# Dehydrating Basil



## Kazahleenah (Nov 3, 2004)

Would you all recomend I dry it with the dehydrator or try just letting it dry in a paper bag like other herbs? I'm pretty new at using a dehydrator.


----------



## Ohio dreamer (Apr 6, 2006)

I use my dehydrator set it very low, between 90 and 100 degrees.


----------



## StaceyS (Nov 19, 2003)

I set mine on the dash of my truck. Dries by the time I leave work for the day...


----------



## Debbie in Wa (Dec 28, 2007)

I pop mine in the microwave for 30 seconds turn over and sap for another 30 seconds


----------



## Pony (Jan 6, 2003)

I hang it in a paper bag and air dry. I've tried it in the dehydrator as well, but IME, hanging seems to best preserve the oils.


----------



## Sonshine (Jul 27, 2007)

I do mine in the dehydrator.


----------



## Kazahleenah (Nov 3, 2004)

wow... thanks everyone!
I think next year I'll plant more and try various drying methods


----------



## Pony (Jan 6, 2003)

Kazahleenah said:


> wow... thanks everyone!
> I think next year I'll plant more and try various drying methods


If you can, may I recommend trying different varieties of basil? There are so many wonderful choices to make: Thai, sweet, lemon, cinnamon...

I love basil.


----------



## Riverdale (Jan 20, 2008)

Kaza, when I lived in 'Boyne country' I dehydrated both ways.

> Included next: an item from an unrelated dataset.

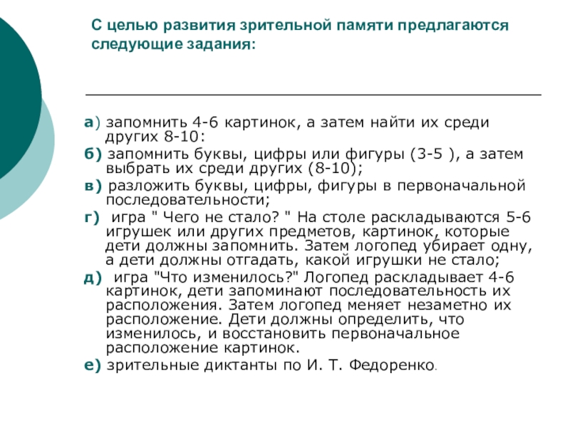 2. Уточнение и расширение объема зрительной памяти.

I preferred the dehydrator.

My opinion.


----------



## Kazahleenah (Nov 3, 2004)

Pony said:


> If you can, may I recommend trying different varieties of basil? There are so many wonderful choices to make: Thai, sweet, lemon, cinnamon...
> 
> I love basil.


I have two this year.... sweet and one that smells like black licorice. (not sure what to use the last one on yet)



Riverdale said:


> Kaza, when I lived in 'Boyne country' I dehydrated both ways.
> 
> I preferred the dehydrator.
> 
> My opinion.


Thanks, this batch is in the dehydrator.


----------



## Homesteader at Heart (Aug 11, 2003)

I dry it in the oven, with just the oven light on.


----------



## Kazahleenah (Nov 3, 2004)

I am in LOVE with my dehydrator!!! 
That batch was done fast, looks and smells great. 
I'm going to have a LOT of fun with this new toy... hehehe


----------



## RedTartan (May 2, 2006)

I tried to dry some basil in my excalibur yesterday and I must have done something wrong. I got big black patches on the leaves and they weren't dry yet. I did rinse them off before I put them in there and I didn't bother drying them first. I figured the dehydrator would dry them. Is that why it was weird?


----------



## majik (Feb 23, 2005)

I would suggest freezing if you can - just rinse the leaves, pat dry and freeze. The flavour is much better than with dried (IMO). Of course, there's always pesto! Yum, basil is my favourite.


----------